Resizing a warehouse to a larger size is useful when the operations being performed by the warehouse will benefit from more compute resources, including:

● Improving the performance of large, complex queries against large data sets.

● Improving performance while loading and unloading significant amounts of data.

The Amazon Redshift serverless team attempts to introduce Mosaic AI to solve its auto-scaling issues, hoping to achieve a better balance between performance and cost.

Query Performance Optimization

Compared with traditional data warehouses, serverless data warehouses have an inherent disadvantage in performance. All data needs to be remotely accessed from object storage for loading. Therefore, the scan operator often becomes the biggest bottleneck in queries, with most of the time consumed on remote object storage access.

● Local Cache: Local cache seems to be a good choice to solve this problem. By caching files from object storage locally and using a consistency hash algorithm to avoid redundant caching of the same files between different nodes, the cache hit rate can be effectively improved.

● Remote Cache: Although local cache can provide the ultimate performance experience, if the serverless data warehouse is frequently released, local cache will face the risk of loss. Snowflake, for example, recommends setting different auto-suspension times for different scenarios. Therefore, an efficient remote cache service that decouples cache and data warehouse computing nodes is a good choice. Of course, the corresponding storage costs will also increase.

About the cache and auto-suspension

The auto-suspend setting of the warehouse can have a direct impact on query performance because the cache is dropped when the warehouse is suspended. If a warehouse is running frequent and similar queries, it might not make sense to suspend the warehouse in between queries because the cache might be dropped before the next query is executed.

You can use the following general guidelines when setting the auto-suspension time limit:

● For tasks, Snowflake recommends immediate suspension.

● For DevOps, DataOps, and Data Science use cases, Snowflake recommends setting auto-suspension to approximately 5 minutes because the cache is not as important for ad-hoc and unique queries.

● For query warehouses, for example, BI and SELECT use cases, Snowflake recommends setting auto-suspend to at least 10 minutes to maintain the cache for users.

Cost Optimization

While ensuring the performance of machine resource elasticity, whether the capacity management of the warm-up pool is excellent is related to the cost and profit space of the data warehouse manufacturer.
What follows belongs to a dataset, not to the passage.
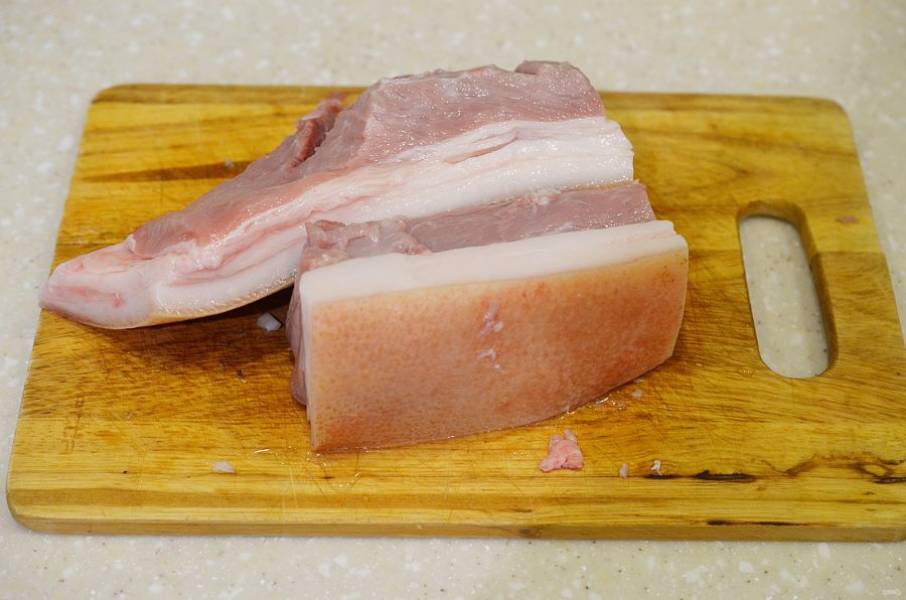 3. Грудинку помойте, обсушите, посолите, поперчите.

If there are a large number of idle machine resources in the warm-up pool that are not utilized, this part of the cost is held by the data warehouse manufacturer. If the idle water level of the warm-up pool is low, then the resource holding cost is transferred to the cloud manufacturer. How to do a good job in the capacity management of the warm-up pool is both related to the serverless experience and the cost of the data warehouse manufacturer.

Currently, cloud manufacturers have all launched spot instances, which are often only 1/10 of the price of regular instances, but the resource usage time is relatively short. If spot instances are applied on a large scale in the warm-up pool, it is a good choice, which not only ensures the performance of machine resource elasticity but also does not increase the resource holding cost too much.

In terms of how to apply spot instances well, it has put forward a relatively high requirement for the kernel of the data warehouse: it is necessary to solve the impact of spot instances being reclaimed on query latency and success rate. In this regard, Databricks, thanks to the fault tolerance of Spark's stage-by-stage execution, has supported the creation of instance pools by choosing spot instances.